Posted by The Shambolik Sleeptalk Assembly on October 17th, 2004 at 3:38 pm


I spent the weekend at work. In order to spend time in the week on this magazine and pay my rent also, I work all weekends with little or no internet access. Oh, and someone in the Plan B inner cabal chopped my hands off for mentioning it. I am writing this with my toes.

It’s like this. Word count divided by necessary history times how much prior knowledge is to be assumed plus a bit of superfluous subjective detail and fancy language that gets you called all kinds of names on the forum minus caring about that proportional to just get the damn feature done Frances and make sure it adds up to 100% in the end.

It’s only useful when you’re writing about an artist with a past that your readers may or may not be aware of, and you’re trying to work out how much information is useful without being overkill.

There. Now my toes are for the chop. Damn you all.

Posted by Frances May on October 17th, 2004 at 6:26 pm


Not sure I quite understand it, yet. But BLESS YOUR WET, COTTON SOCKS ANYWAY.
In fact bless them so much that any horrific attempts to butcher your tootsies might be deflected, blighted and blasted to smithereens. Poor thing. :-(

Posted by slow graffiti on October 17th, 2004 at 7:05 pm


" 1,2,3,4…For she’s a jolly good fellow, for she’s a jolly good fellow. For she’s a jolly good fell-ow. And so say all of us. And so say all of us. And so say all of us. For shes a jolly good fellow, for she’s a jolly good fellow, for she’s a jolly good fell-ow. And that, nobody can deny!

Hip Hip. HOORAY. Hip Hip. HOORAY. Hip Hip. HOORAY!"

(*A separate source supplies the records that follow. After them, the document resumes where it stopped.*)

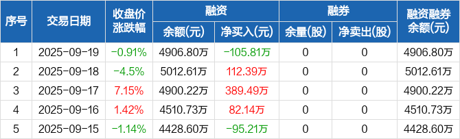 风光股份:融资净偿还105.81万元,融资余额4906.8万元(09-19)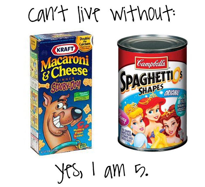 And then, because I just can’t let it go… I have to have mac n cheese, or spaghettio’s once a week. Preferably in these shapes.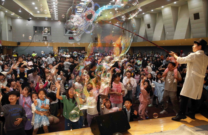 지난해 ‘도봉구 어린이날’ 행사에서 도봉구 아이들이 버블쇼를 관람하고 있다. 도봉구 제공
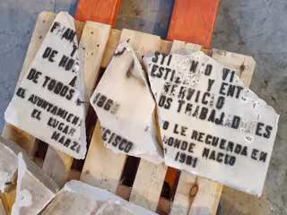 Archivo - Placa dañada que fue retirada de la vivienda donde vivió Largo Caballero - UGT - Archivo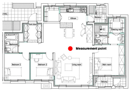 An MSR 145 logger (MSR, Switzerland) was used to measure and record the indoor temperature and humidity. The logger automatically measured and stored the temperature and relative humidity data between −20 and −65 °C and in the range of 0–100%, respectively, with accuracy levels of ±0.5 °C and ±2%, respectively. The logger was installed in the living room of each apartment (Figure 5). To prevent the influence of radiant heat from heaters or direct sunlight through windows, the device was attached to a wall or to furniture at a height of 1.5 m. After one week, the logger was retrieved from the household. Outdoor temperature and humidity data were obtained from the nearest Korea Meteorological Administration weather station.

Posted by The Shambolik Sleeptalk Assembly on October 17th, 2004 at 7:16 pm


Is everybody on this website on crack?

Posted by Sophie on October 25th, 2004 at 5:33 pm


Yes. Want some?

Posted by slow graffiti on October 27th, 2004 at 12:50 pm


Well I’m glad I’ve found my place in history…
"One of the Stars’ entourage who got too invovled. "And it only took three years to uninvolve myself.
Put it on my tombstone and I’ll be ready to die!